## Problem statement
Your answer must consist of the records below, reproduced exactly, with every picture removed.

··········

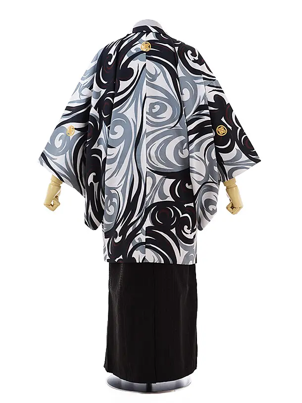男性用袴men0089 白地 風×黒(L)
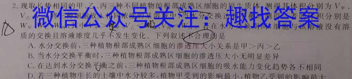 2.现取长势相同的甲、乙、丙三种不同植物的根部成熟区细胞的原生质体,测得其体积分别为V甲、V将三种细胞放入相同浓度的某溶液中,当水分交换达到平衡时测得三者的体积分别是10W甲、W乙、WN1,,其中V甲、V<乙B.当水分交换平衡时,三种植物根部成熟区细胞的渗透压大小无明显差异C.在达到水分交换平衡之前,三种植物根部成熟区细胞的吸水能力变化趋势各不相同D.若三种植物生长的土壤中水分较多,植物甲受到的影响最小,植物乙受到的影响最大
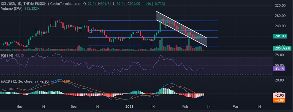 GeckoTerminalによると、Solanaは下降チャネルを上抜けようとしている。仮想通貨が下限を突破すれば、223.34を目指すかもしれない。
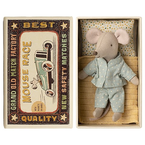 Den fine Lillebror Mus er klar til timevis af leg og sover godt og trygt i den lille tændstikæske. Tøjet og sengetøjet er lavet af de blødeste stof med unikke print i smukke farver. Musen har magneter i hænderne.
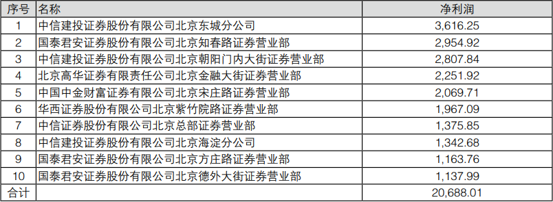 表3 2021年12月北京地区券商分支机构净利润前十(单位:万元)
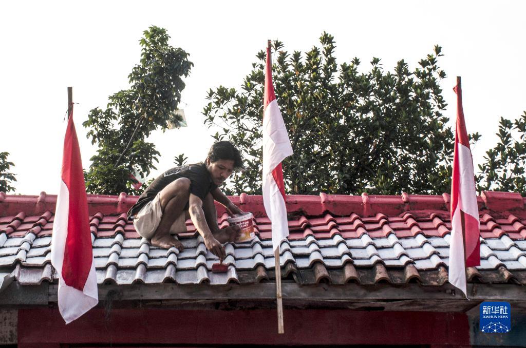 8月14日,在印度尼西亞萬(wàn)隆,一名男子將居民區一棟房子的屋頂瓦片涂成印尼國旗的顏色。
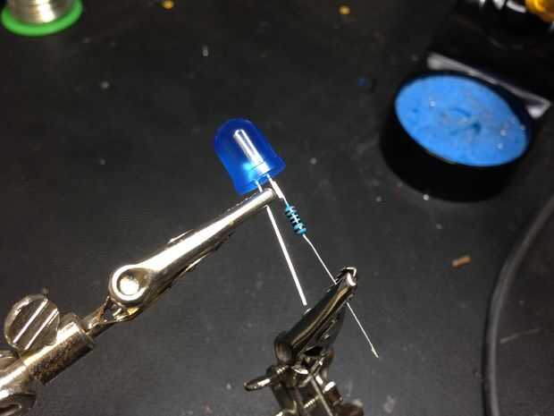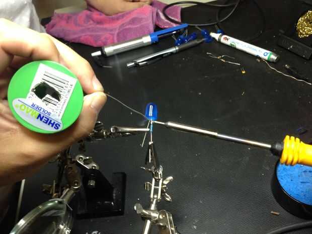 Ayudando a las manos puede ayudar a mantener el LED y el resistor constante como se les de la soldadura. Si estás usando soldadura sin plomo entonces recomendamos uno con contenido alto de plata (Ag).
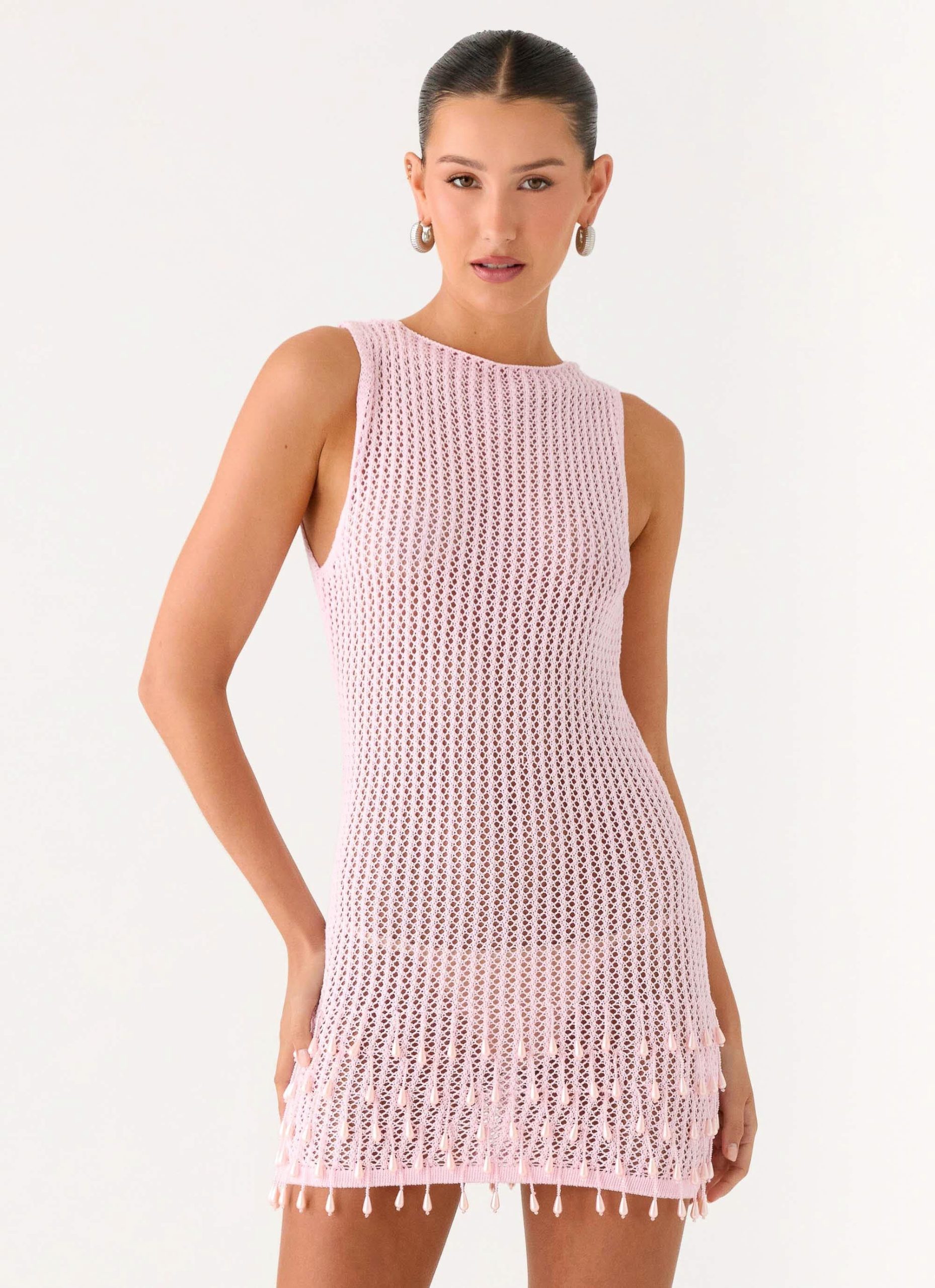 The Miracle Beaded Crochet Mini Dress is a playful and elegant mini dress. perfect for adding sparkle to your look. Featuring a rounded neckline. stretch crochet knit. and semi-sheer fabric. this dress is adorned with delicate beaded hem detailing.

··········

## Written answer
男性用袴men0089 白地 風×黒(L)
 2.现取长势相同的甲、乙、丙三种不同植物的根部成熟区细胞的原生质体,测得其体积分别为V甲、V将三种细胞放入相同浓度的某溶液中,当水分交换达到平衡时测得三者的体积分别是10W甲、W乙、WN1,,其中V甲、V<乙B.当水分交换平衡时,三种植物根部成熟区细胞的渗透压大小无明显差异C.在达到水分交换平衡之前,三种植物根部成熟区细胞的吸水能力变化趋势各不相同D.若三种植物生长的土壤中水分较多,植物甲受到的影响最小,植物乙受到的影响最大
 GeckoTerminalによると、Solanaは下降チャネルを上抜けようとしている。仮想通貨が下限を突破すれば、223.34を目指すかもしれない。
 Den fine Lillebror Mus er klar til timevis af leg og sover godt og trygt i den lille tændstikæske. Tøjet og sengetøjet er lavet af de blødeste stof med unikke print i smukke farver. Musen har magneter i hænderne.
 表3 2021年12月北京地区券商分支机构净利润前十(单位:万元)
 8月14日,在印度尼西亞萬(wàn)隆,一名男子將居民區一棟房子的屋頂瓦片涂成印尼國旗的顏色。
 Ayudando a las manos puede ayudar a mantener el LED y el resistor constante como se les de la soldadura. Si estás usando soldadura sin plomo entonces recomendamos uno con contenido alto de plata (Ag).
 The Miracle Beaded Crochet Mini Dress is a playful and elegant mini dress. perfect for adding sparkle to your look. Featuring a rounded neckline. stretch crochet knit. and semi-sheer fabric. this dress is adorned with delicate beaded hem detailing.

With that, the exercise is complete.